In a London flat decorated by Christopher Hodsoll a large photograph of a street in Philadelphia hanging above a billiard-room sofa and family pictures stacked along the walls evokes a private London gentleman’s club. From The World of Inteiors,-September 1987. Photography by James Mortimer.
In the antiquarian and decorator’s own Warwick Square flat in London, Christopher Hodsoll tapped into the spirit of the 19th-century aesthete with a passion for books and curiosities.
American designer Mark Hampton created an an extraordinary Neoclassical-style library for Susan and Carter Burden’s Fifth Avenue apartment in New York that could have easily been pulled from one of London’s exclusive private clubs. Piled high with books and layered with exotic collections this library would be the envy of many a bibliophile and world traveler.
Ralph Lauren also looked to England’s exclusive clubs for the design of his own Bedford, New York, library and billiards room. From Architectural Digest. Photo by Durston Saylor.
This manly study designed by architect Thierry Despont resembles a movie set for the film Dick Tracy. From Maison & Jardin. Photography by Pascal Chevallier
The Manhattan apartment of architect Thierry Despont channels the modern aesthete’s love of books, art, history, travel and sportsmanship in a refined setting that embraces classic and modern design. Featured in the October, 1991, issue of House & Garden, with photography by John Hall.
Keith Richards eschews disciplined order in favor of lived-in comfort in his highly personal London library . Photo by Christopher Simon Sykes.
Andrew Lauren announced his bachelor independence in his previous New York apartment outfitted with modernist furnishings, a black and white scheme tempered with wood, and a bar sign. From Bright Young Things by Brooke de Ocampo with photography by Jonathan Becker, 2002.
Randall Ridless sheathed the walls of this clubby den with a hand-painted tortoiseshell design inspired by Billy Baldwin’s library for Cole Porter in the Waldorf Towers. Elle Decor, March 2005. Photography by Simon Upton.
For a penthouse apartment in New York’s American Thread Building designer Thomas O’Brien combined a masculine Machine Age aesthetic with contemporary forms in an open loft-style plan for a bachelor to relax and enjoy a game of pool with friends. House and Garden; photography by François Halard.

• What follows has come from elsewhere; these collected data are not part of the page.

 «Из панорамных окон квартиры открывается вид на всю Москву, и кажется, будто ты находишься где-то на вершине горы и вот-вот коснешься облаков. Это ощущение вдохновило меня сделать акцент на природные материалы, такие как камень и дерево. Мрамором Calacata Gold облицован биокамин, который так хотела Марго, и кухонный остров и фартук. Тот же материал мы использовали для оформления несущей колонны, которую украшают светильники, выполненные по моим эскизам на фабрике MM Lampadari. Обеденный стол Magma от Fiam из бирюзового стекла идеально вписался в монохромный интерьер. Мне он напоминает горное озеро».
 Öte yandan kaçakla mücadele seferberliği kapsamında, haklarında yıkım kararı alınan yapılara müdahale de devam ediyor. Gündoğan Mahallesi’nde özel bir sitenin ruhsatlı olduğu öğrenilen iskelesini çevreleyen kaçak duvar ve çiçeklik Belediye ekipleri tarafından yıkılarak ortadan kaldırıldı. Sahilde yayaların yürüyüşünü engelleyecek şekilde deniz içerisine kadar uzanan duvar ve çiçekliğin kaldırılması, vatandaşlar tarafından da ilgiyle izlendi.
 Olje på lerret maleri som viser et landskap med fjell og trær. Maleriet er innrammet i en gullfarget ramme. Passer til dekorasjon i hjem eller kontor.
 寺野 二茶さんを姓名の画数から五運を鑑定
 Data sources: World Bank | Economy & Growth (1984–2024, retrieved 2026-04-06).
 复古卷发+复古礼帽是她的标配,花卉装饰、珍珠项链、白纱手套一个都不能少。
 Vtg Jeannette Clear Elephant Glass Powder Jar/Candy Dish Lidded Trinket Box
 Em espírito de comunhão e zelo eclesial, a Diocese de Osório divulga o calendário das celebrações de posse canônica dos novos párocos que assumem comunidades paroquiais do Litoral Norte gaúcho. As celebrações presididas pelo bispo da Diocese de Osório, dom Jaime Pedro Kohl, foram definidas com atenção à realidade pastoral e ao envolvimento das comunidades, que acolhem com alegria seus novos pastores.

In his own New York apartment Thomas O’Brien layered collections, art, his own renderings and personal ephemera in the spirit of the 19th-century collectors, reinterpreted with a modern point of view. From American Modern: Thomas O’Brien; photography by Laura Resen.
Designer Melinda Ritz imbued the library in the Tudor revival home of Will & Grace creator Max Mutchnick with a rich palette, solid forms and strong contrasts. Elle Decor-April 2012
Ally Coulter layered masculine forms, past and present, in this clubby paneled den she decorated for the 2012 Holiday House.
For a London flat Jonathan Reed layered sober modern forms, natural materials, and handcrafted objects with a palette inspired by nature. The World of Interiors, March 2015. Photography by Simon Upton.
On Count Antonio Bolza’s 3,000-acre estates in Umbria his architect son, Benedikt, converted a Modernist tobacco-processing plant into offices queuing the Industrial Age. March, 2015, issue of The World of Interiors. Photography Tim Beddow.
Roubi L’Roubi’s Veere Grenney-designed penthouse in London is a modern take on the 19th-century cabinets d’amateurs. Architectural Digest, May 2015. Photography by Björn Wallander.